■ **Data provided**:
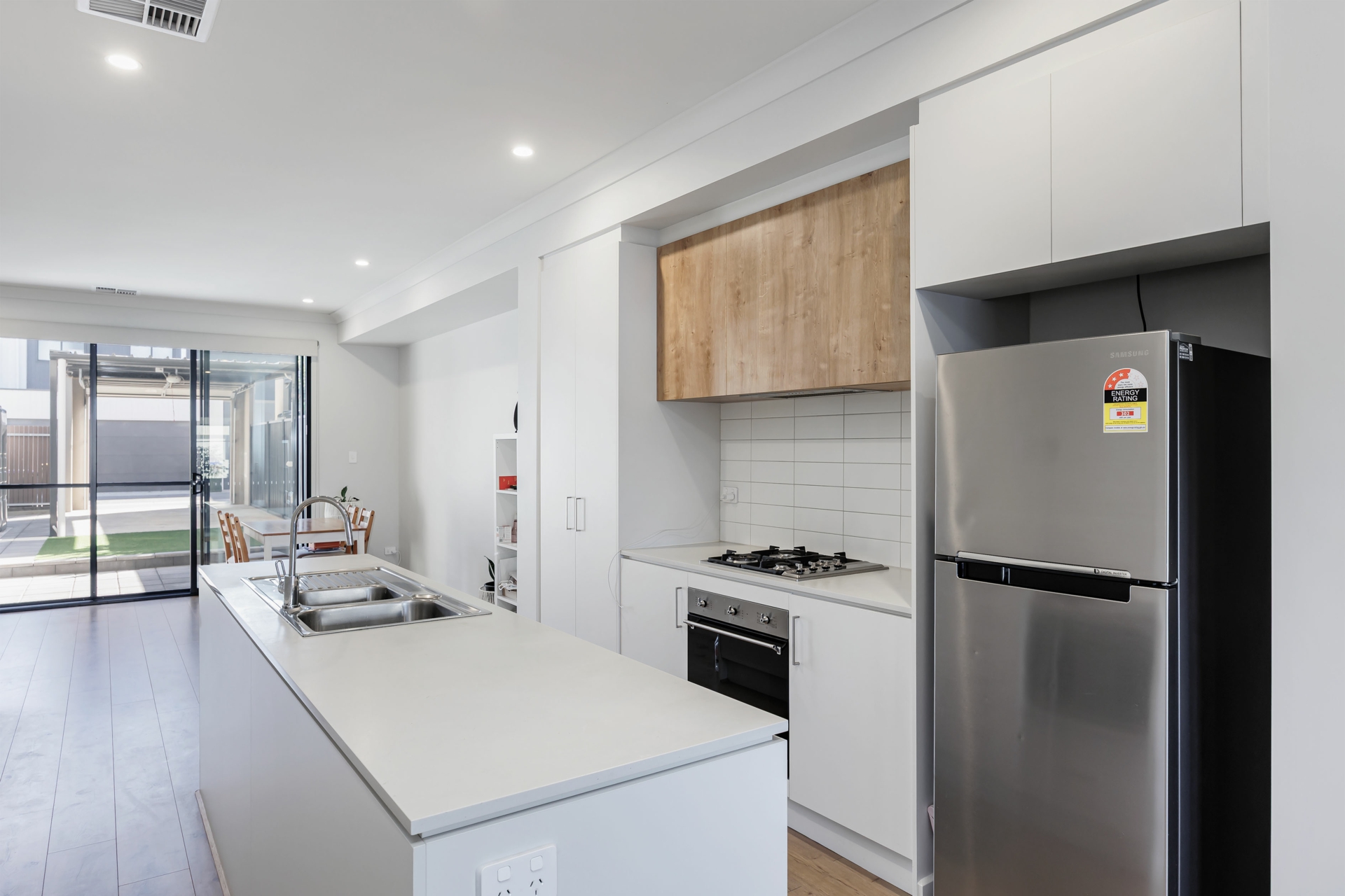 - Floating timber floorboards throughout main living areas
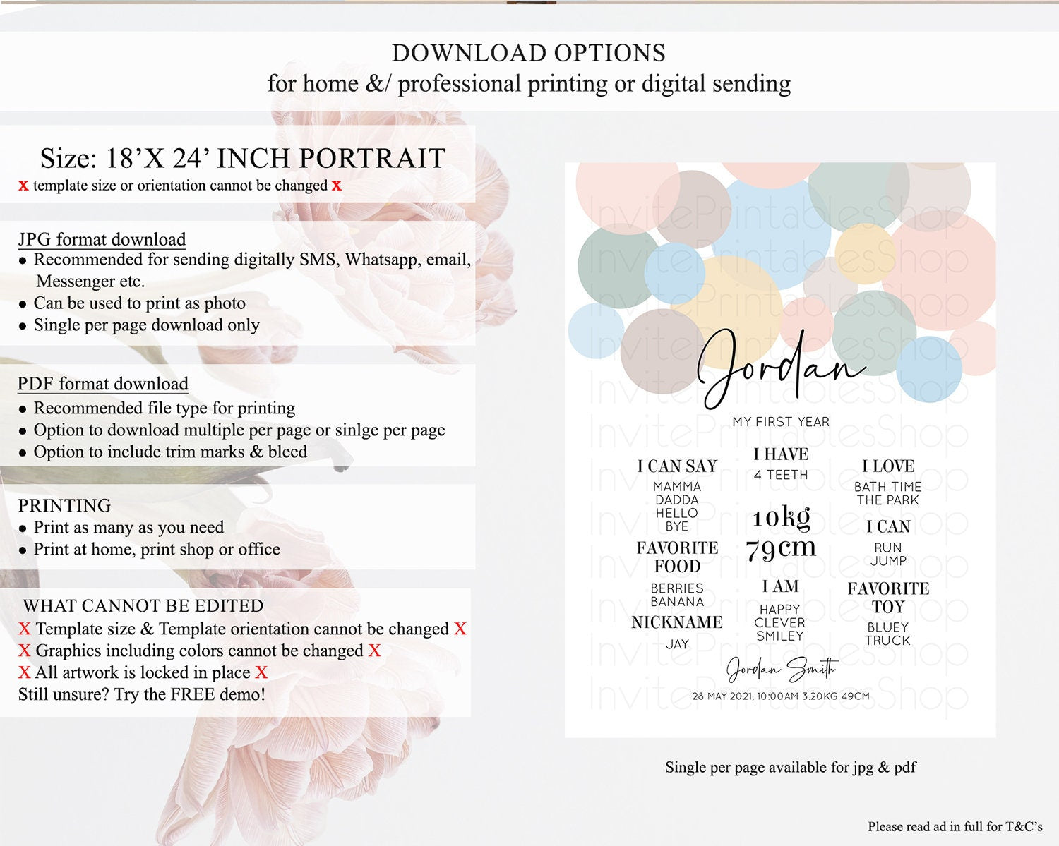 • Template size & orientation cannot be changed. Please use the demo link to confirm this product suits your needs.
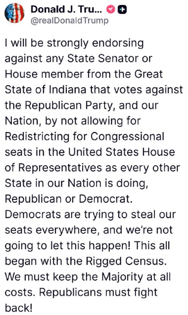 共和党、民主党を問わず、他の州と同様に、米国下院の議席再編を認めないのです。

■ **Exercise requirements**:
Would you retype each line above exactly and skip every image?

■ **Your solution**:
 - Floating timber floorboards throughout main living areas
 • Template size & orientation cannot be changed. Please use the demo link to confirm this product suits your needs.
 共和党、民主党を問わず、他の州と同様に、米国下院の議席再編を認めないのです。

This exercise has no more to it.